The Copy Data from Hadoop
directive enables you to copy data from Hadoop into database management
systems such as Oracle and Teradata.
Using Copy Data from Hadoop
Follow these steps to
copy data from Hadoop into a database:
On the SAS
Data Loader page, click the Copy Data from Hadoop directive.
The Source Table page that lists available
data sources is displayed:
Click a data source
to display its tables:
Select the table from
which to copy data.
Clicking the Action
menu enables the following actions:
Open
opens the current directive
page.
Table Viewer
enables you to view
sample data from a table. Select the table, and then click to display the SAS Table Viewer.
Advanced Options
opens a dialog box
that enables you to specify the maximum length for SAS columns. Entering
a value here overrides the value specified in the Configuration options.
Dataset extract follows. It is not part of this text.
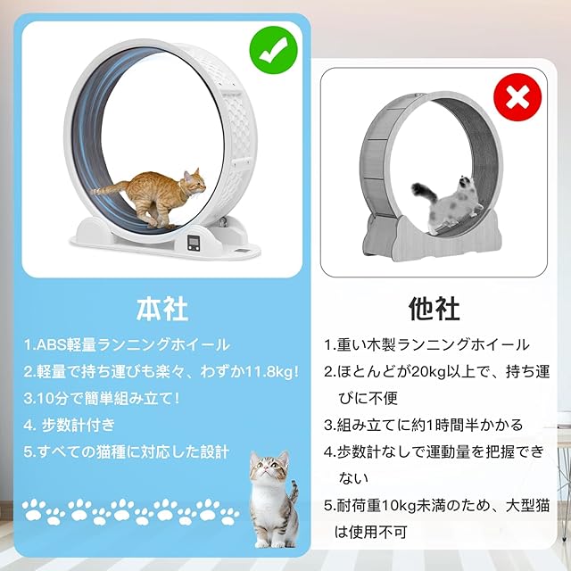 軽量かつ安定:耐久性のあるABS素材を使用しており、重量はわずか11.8kgで、従来の木製猫用エクササイズホイールよりもはるかに軽量です。広いベースと低い重心により、最も重い猫であっても、転倒したり、走行中に移動したりすることはありません。
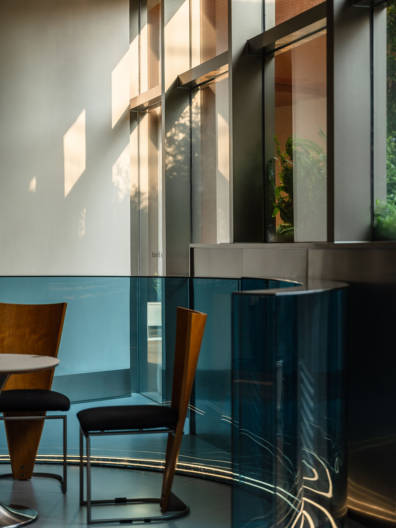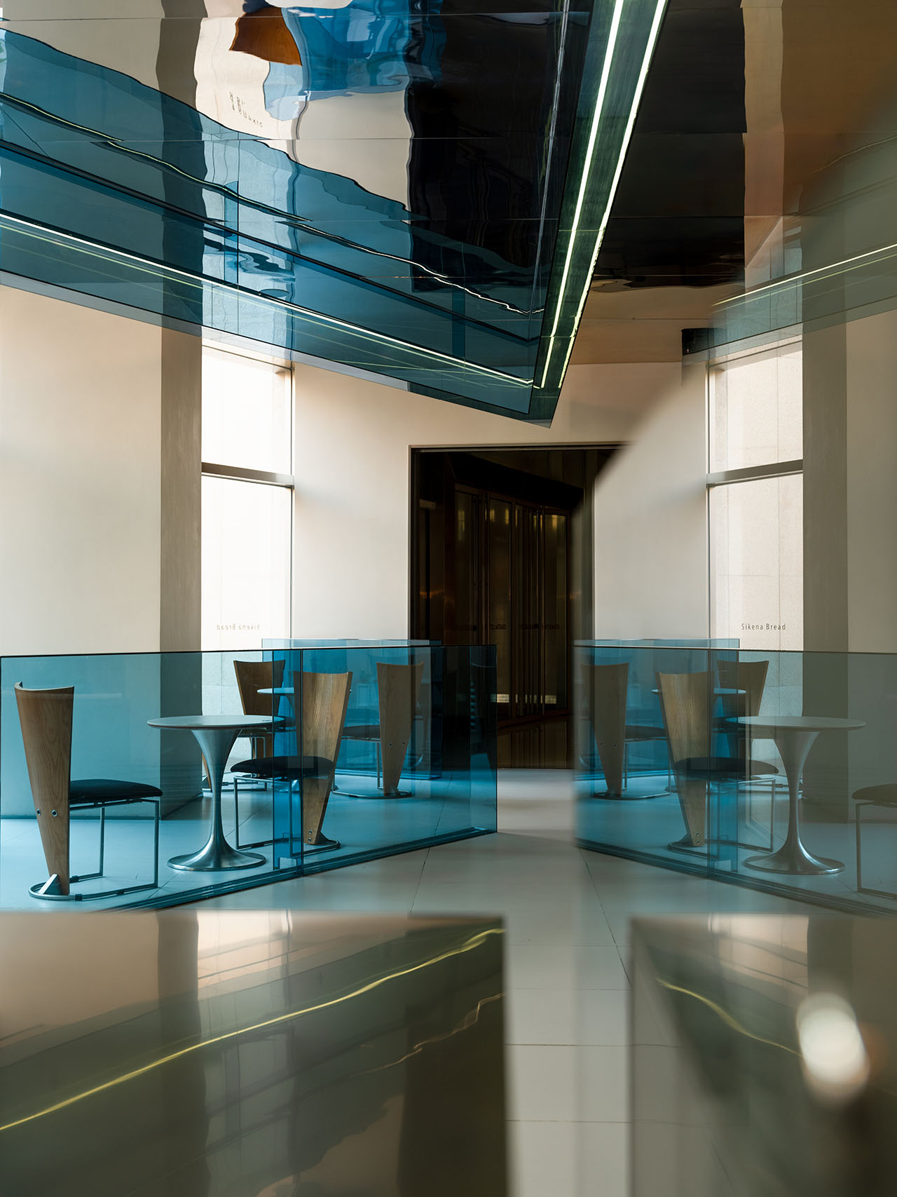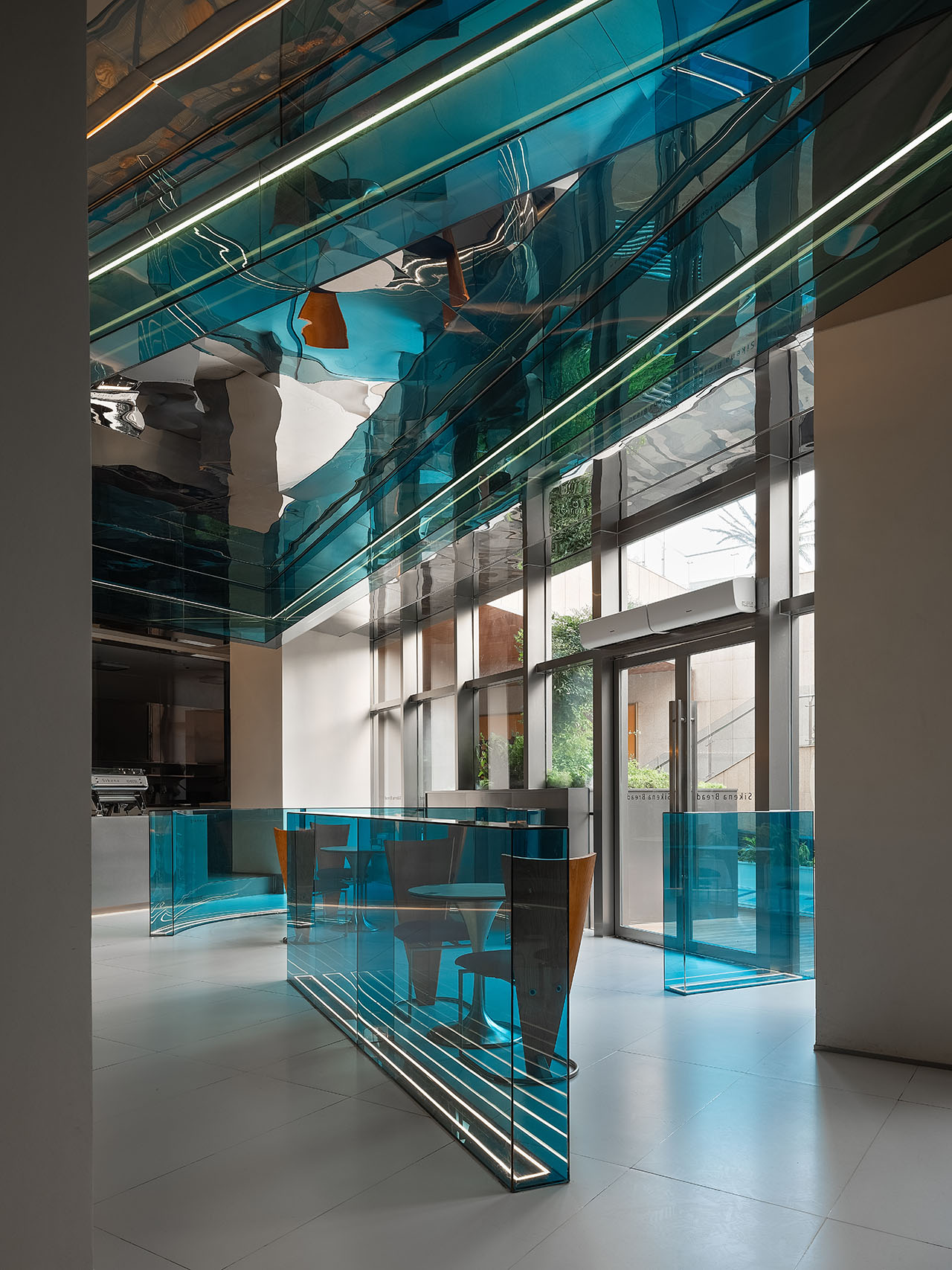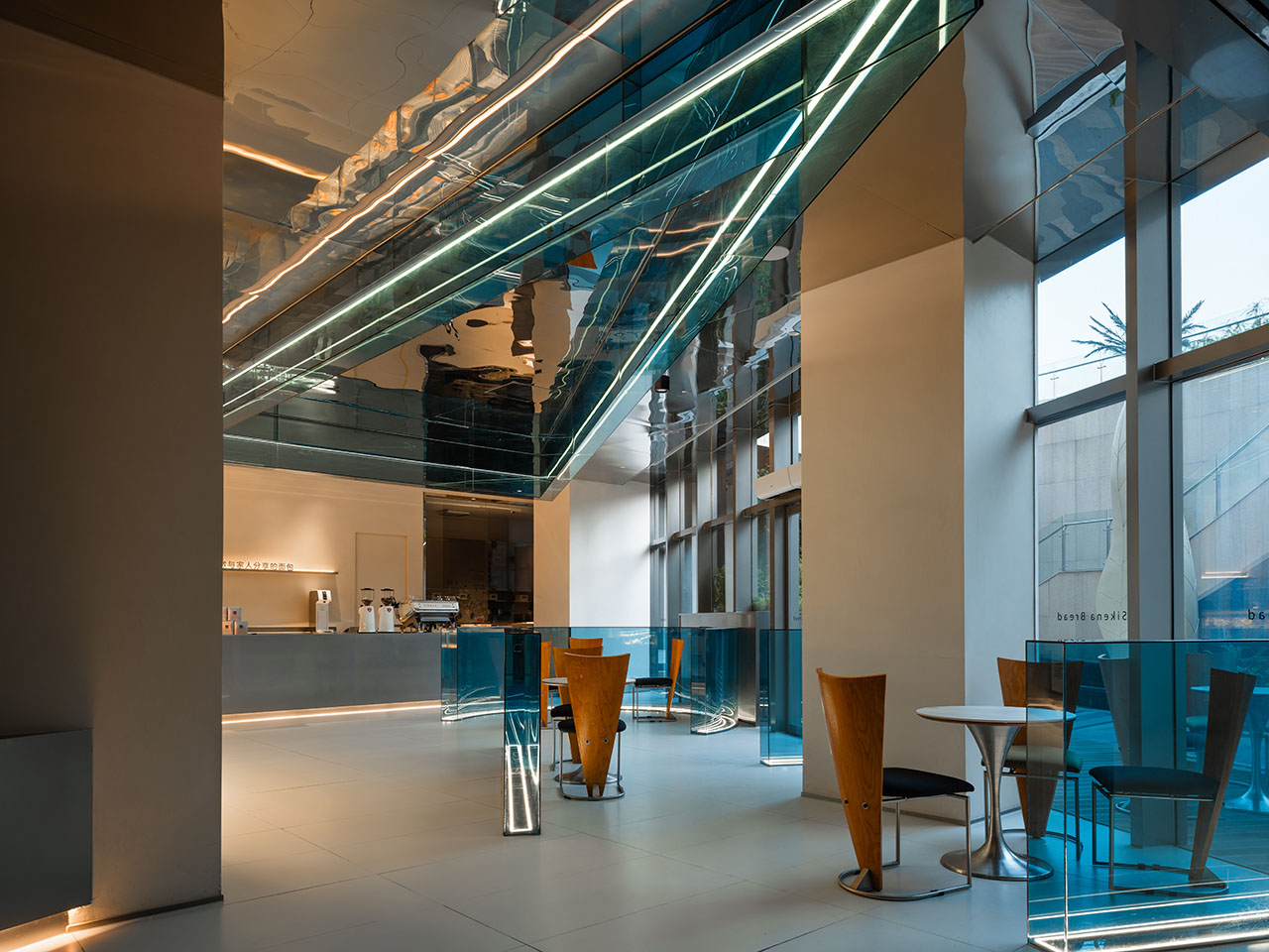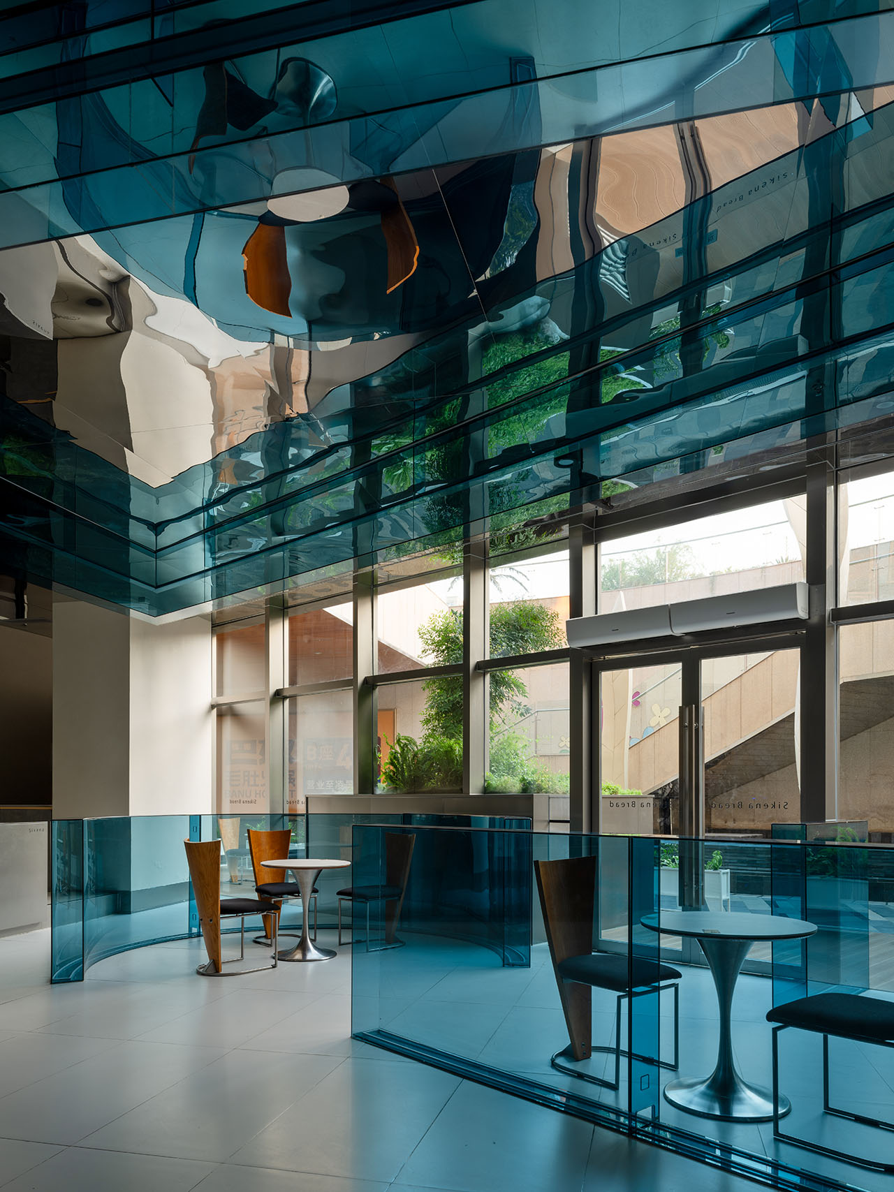 将镜面材质插入公区顶面,向上无限延伸几何形态与环境细节,瞬间放大了空间的纵深感。光影在镜面与空间之间交织出多重反射,让客座区悬浮起来,窗外绿意则透过玻璃闯入,映在镜面中,与室内的蓝调、橙调共述生命力。

Note: If the source table has String
data types, the resulting SAS data set could be very large. The length
of the target field in the SAS data set is determined by the value
of this option.
When table selection
is complete, click Next. The Options page
is displayed:
The value on the Options page
should not be changed unless you have advanced knowledge of database
operations.
Note: Changing the number of processes
to greater than one expands the number of processes and source data
connections that are used to import data.
Click Next.
The Target Table page is displayed with target
databases:
Click a database to
display its data sources:
Click a data source
to display its tables:
Select the table from
which to copy data.
Tip
You can create a new table by clicking New
Table
If a profile already exists for
a table, PROFILED appears next the table icon. You can view the existing
profile by selecting the table and clicking View Profile.
Clicking the Action
menu enables the following actions:
Open
opens the current directive
page.
Table Viewer
enables you to view
sample data from a table. Select the table, and then click to display the SAS Table Viewer.
Click Next.
The Code page is displayed:
Click Edit
Code to modify the generated code. To cancel your modifications,
click Reset Code.
CAUTION:
Edit code
only to implement advanced features.
Under normal circumstances,
code edits are not need or required.
Click Next.
The Result page is displayed:
Click Start
copying data. The Result page
displays the results of the copy process:
The following actions
are available:
View Results
enables you to view
the results of the copy process in the SAS Table Viewer.the
Log
displays the SAS log
that is generated during the copy process.
Code
displays the SAS code
that copies the data.
About Drivers and Connections
The Copy Data from Hadoop
directive uses JDBC drivers to connect from your client machine to
databases. The JDBC drivers on your client machine must be the same
as those that are installed on the Hadoop cluster. See Install JDBC Drivers and Add Database Connectionsfor more information.
The hive.resultset.use.unique.column.names
entry in the hive-site.xml file on the target Hadoop cluster must
be set to False. If not, you might see an error message in the job
history log. If you encounter an error, contact your Hadoop administrator.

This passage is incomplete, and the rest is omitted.